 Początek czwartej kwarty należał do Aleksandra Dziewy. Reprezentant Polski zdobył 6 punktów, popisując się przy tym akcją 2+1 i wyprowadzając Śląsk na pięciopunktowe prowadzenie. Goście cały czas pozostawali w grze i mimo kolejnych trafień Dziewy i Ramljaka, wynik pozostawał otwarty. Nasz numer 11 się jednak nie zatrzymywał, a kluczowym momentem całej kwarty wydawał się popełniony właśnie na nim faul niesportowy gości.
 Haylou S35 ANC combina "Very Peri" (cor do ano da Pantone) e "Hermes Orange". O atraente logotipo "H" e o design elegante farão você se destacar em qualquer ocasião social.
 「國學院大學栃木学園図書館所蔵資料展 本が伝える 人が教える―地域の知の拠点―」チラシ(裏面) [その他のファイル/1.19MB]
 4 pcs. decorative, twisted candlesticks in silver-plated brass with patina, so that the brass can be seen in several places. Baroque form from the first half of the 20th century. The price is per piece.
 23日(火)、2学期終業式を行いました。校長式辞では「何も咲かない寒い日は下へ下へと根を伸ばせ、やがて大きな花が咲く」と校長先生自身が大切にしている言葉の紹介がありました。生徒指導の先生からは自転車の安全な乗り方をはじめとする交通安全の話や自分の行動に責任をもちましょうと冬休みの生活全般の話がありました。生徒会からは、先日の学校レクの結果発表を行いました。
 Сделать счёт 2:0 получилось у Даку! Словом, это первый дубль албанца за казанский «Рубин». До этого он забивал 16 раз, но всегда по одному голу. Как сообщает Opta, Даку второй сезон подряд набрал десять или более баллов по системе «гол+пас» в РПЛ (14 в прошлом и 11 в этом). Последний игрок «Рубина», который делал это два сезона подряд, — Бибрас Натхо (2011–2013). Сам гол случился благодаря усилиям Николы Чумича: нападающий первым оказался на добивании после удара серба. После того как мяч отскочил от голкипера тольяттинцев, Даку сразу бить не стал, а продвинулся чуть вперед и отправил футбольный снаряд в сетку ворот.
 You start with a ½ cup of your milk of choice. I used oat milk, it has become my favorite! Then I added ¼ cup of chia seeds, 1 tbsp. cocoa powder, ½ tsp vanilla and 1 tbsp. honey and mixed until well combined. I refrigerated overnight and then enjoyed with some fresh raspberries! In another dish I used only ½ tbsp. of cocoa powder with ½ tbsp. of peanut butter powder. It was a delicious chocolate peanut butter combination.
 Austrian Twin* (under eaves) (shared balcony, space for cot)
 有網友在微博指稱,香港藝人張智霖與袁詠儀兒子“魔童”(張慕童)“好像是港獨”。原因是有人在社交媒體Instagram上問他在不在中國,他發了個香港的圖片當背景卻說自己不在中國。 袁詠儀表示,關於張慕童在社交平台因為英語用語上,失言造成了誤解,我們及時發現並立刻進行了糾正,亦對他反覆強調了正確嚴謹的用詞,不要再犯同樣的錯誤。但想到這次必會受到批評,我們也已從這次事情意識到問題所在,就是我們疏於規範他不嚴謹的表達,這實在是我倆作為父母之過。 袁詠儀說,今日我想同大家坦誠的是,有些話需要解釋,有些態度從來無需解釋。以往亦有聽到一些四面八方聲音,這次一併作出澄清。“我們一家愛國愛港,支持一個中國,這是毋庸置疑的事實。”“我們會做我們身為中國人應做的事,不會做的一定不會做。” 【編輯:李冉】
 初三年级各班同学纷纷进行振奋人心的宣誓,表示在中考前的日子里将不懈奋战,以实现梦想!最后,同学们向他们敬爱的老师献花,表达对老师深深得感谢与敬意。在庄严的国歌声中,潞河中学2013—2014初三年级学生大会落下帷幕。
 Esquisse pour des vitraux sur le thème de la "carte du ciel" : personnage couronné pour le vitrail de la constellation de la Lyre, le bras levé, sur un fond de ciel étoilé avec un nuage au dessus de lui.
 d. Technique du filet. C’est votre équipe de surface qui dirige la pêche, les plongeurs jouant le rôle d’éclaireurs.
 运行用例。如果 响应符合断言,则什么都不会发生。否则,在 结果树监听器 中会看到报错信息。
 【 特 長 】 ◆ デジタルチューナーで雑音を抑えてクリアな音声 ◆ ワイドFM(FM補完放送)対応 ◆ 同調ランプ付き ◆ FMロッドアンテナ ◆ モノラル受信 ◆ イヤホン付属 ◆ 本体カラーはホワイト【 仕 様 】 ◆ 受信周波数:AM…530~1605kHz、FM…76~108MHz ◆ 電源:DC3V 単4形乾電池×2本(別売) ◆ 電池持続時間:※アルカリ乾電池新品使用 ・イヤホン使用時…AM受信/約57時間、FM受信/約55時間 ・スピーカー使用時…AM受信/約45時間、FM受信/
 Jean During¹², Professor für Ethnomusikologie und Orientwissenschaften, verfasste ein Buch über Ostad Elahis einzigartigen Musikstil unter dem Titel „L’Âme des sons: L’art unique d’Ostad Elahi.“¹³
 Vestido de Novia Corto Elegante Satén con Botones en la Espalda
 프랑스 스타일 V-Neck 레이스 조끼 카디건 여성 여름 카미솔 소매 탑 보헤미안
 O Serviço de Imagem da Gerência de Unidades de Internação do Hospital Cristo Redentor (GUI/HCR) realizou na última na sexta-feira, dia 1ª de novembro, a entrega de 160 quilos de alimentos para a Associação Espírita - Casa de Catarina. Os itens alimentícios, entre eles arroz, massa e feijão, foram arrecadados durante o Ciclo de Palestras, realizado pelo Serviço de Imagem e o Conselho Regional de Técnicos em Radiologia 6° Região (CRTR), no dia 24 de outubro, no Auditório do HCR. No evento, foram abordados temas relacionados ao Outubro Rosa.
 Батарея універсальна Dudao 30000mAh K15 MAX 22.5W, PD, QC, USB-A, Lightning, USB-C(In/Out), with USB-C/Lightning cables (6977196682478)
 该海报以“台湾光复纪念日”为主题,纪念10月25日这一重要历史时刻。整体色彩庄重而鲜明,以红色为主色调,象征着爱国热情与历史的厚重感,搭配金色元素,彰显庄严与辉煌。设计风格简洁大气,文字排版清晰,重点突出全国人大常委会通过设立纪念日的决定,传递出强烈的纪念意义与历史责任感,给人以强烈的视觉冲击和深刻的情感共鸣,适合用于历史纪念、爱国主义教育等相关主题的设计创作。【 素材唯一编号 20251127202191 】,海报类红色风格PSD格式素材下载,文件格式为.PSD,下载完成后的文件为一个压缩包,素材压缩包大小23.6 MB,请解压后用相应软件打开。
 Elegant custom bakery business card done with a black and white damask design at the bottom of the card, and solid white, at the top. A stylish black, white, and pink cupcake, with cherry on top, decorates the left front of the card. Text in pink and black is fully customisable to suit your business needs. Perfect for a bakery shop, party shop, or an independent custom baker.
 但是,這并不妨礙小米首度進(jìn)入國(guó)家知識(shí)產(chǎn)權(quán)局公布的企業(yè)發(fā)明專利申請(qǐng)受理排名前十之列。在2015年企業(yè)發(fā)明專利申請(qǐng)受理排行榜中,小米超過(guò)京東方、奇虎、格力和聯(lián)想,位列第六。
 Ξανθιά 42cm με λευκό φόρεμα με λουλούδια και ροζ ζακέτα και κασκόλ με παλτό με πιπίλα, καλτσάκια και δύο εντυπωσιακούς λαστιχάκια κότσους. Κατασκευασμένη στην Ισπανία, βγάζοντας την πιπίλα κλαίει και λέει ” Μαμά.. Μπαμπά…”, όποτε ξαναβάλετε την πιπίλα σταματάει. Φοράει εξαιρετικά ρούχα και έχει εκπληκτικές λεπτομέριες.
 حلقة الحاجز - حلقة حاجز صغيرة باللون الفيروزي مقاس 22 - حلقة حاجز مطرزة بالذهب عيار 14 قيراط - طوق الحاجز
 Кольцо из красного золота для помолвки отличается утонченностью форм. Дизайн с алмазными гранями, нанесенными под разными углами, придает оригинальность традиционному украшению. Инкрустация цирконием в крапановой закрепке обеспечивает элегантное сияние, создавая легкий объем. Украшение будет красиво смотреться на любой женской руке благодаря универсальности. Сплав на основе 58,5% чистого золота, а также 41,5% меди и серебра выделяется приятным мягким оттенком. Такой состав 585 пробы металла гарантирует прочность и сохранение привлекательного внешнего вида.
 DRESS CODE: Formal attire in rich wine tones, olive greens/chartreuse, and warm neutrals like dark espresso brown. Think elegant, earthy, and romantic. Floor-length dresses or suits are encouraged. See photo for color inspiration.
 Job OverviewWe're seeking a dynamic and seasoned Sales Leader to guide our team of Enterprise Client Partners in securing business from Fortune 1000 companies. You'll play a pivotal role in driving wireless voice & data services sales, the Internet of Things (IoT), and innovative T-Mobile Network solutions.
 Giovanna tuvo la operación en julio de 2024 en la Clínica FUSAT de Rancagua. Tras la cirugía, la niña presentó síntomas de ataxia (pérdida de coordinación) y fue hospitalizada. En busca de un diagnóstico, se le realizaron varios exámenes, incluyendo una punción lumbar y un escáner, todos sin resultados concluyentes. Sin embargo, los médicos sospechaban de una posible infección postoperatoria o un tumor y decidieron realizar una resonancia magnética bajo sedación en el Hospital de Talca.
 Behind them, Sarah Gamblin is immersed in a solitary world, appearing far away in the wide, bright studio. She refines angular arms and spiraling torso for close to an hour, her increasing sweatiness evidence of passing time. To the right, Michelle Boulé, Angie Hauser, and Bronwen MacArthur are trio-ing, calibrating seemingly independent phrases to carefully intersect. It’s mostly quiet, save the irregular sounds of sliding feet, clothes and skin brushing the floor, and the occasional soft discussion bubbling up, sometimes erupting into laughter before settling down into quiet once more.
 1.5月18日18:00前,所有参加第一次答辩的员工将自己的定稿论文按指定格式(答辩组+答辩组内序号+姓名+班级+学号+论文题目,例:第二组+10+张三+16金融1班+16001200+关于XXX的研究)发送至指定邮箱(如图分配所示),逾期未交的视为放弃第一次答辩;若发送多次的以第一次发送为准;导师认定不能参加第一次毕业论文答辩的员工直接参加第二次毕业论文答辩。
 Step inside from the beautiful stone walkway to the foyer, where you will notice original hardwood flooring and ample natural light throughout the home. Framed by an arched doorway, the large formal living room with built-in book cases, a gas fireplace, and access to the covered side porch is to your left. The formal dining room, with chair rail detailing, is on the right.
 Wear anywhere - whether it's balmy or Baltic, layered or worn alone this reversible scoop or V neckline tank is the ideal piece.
__________________________________________________
### Instructions for the task
Copy only this part of the entries above: the line with "d. Technique du", the line with "프랑스 스타일 V-Neck", and the lines between, all exactly as written.

### Response box
 d. Technique du filet. C’est votre équipe de surface qui dirige la pêche, les plongeurs jouant le rôle d’éclaireurs.
 运行用例。如果 响应符合断言,则什么都不会发生。否则,在 结果树监听器 中会看到报错信息。
 【 特 長 】 ◆ デジタルチューナーで雑音を抑えてクリアな音声 ◆ ワイドFM(FM補完放送)対応 ◆ 同調ランプ付き ◆ FMロッドアンテナ ◆ モノラル受信 ◆ イヤホン付属 ◆ 本体カラーはホワイト【 仕 様 】 ◆ 受信周波数:AM…530~1605kHz、FM…76~108MHz ◆ 電源:DC3V 単4形乾電池×2本(別売) ◆ 電池持続時間:※アルカリ乾電池新品使用 ・イヤホン使用時…AM受信/約57時間、FM受信/約55時間 ・スピーカー使用時…AM受信/約45時間、FM受信/
 Jean During¹², Professor für Ethnomusikologie und Orientwissenschaften, verfasste ein Buch über Ostad Elahis einzigartigen Musikstil unter dem Titel „L’Âme des sons: L’art unique d’Ostad Elahi.“¹³
 Vestido de Novia Corto Elegante Satén con Botones en la Espalda
 프랑스 스타일 V-Neck 레이스 조끼 카디건 여성 여름 카미솔 소매 탑 보헤미안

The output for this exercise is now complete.